In a meeting with Prime Minister Hun Sen, Robinson said she stressed the need for
judicial independence and structural reform of the Supreme Council of Magistracy,
the body that oversees the judiciary.
"I pointed out that Cambodia has ratified the Covenant on Civil and Political
Rights and therefore has a legal obligation to provide independent judicial redress,"
she said.
The High Commissioner said she had made similar remarks on the importance of an independent
judiciary to King Sihanouk during a trip to Beijing before coming to Cambodia.
She also addressed other human rights abuses including the sexual exploitation of
minors. Speaking after a visit to Afesip, a shelter for trafficked women, Robinson
said meeting people at the shelter had brought home the complexity of the problem.

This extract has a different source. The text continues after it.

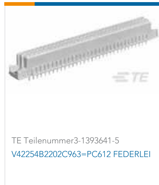
TE Teilenummer 3-1393641-5 V42254B2202C963=PC612 FEDERLEI

"Not least there needs to be a cultural change in not having so many Cambodian
men, including at a high level, getting sexual gratification from young girls."
She stated there was also a need to combat trafficking through better coordination
with donors and other countries.
"I know [the government] is proposing a Memorandum of Understanding with Vietnam
and Thailand and this is an essential component," she said. "China should
also be a factor because my understanding of the problem is that it is worsened by
the fact that there is now a Mafia element entering [trafficking]."
During her address to the National Assembly, she referred again to the "repugnant
trafficking in human beings" and urged members to work with the UN and the international
community to bring it to a halt.
"Traffickers are able to operate with impunity because of inefficient law enforcement,
compounded in some cases by official corruption," she said, adding that those
who had been trafficked were victims, not criminals.
"I can only say I regret the Cambodian court verdict of 5 August, which charged
victims of trafficking with illegal migration and issued them prison sentences."
Robinson also met Deputy Prime Minister Sar Kheng while she was in Phnom Penh, and
spoke about her concern over the recent disappearances of a dissident Vietnamese
monk and two Chinese Falun Gong practitioners, who are believed to have been forcibly
returned to their native countries.
"I had an assurance from him that he will follow up further and see if there
is any information he can provide to the office," she said.
Robinson last visited Cambodia as High Commissioner in January 1998. She will finish
her term September 11 and be replaced by Sergio Vieira de Mello, who worked in Cambodia
at the UN refugee agency during UNTAC.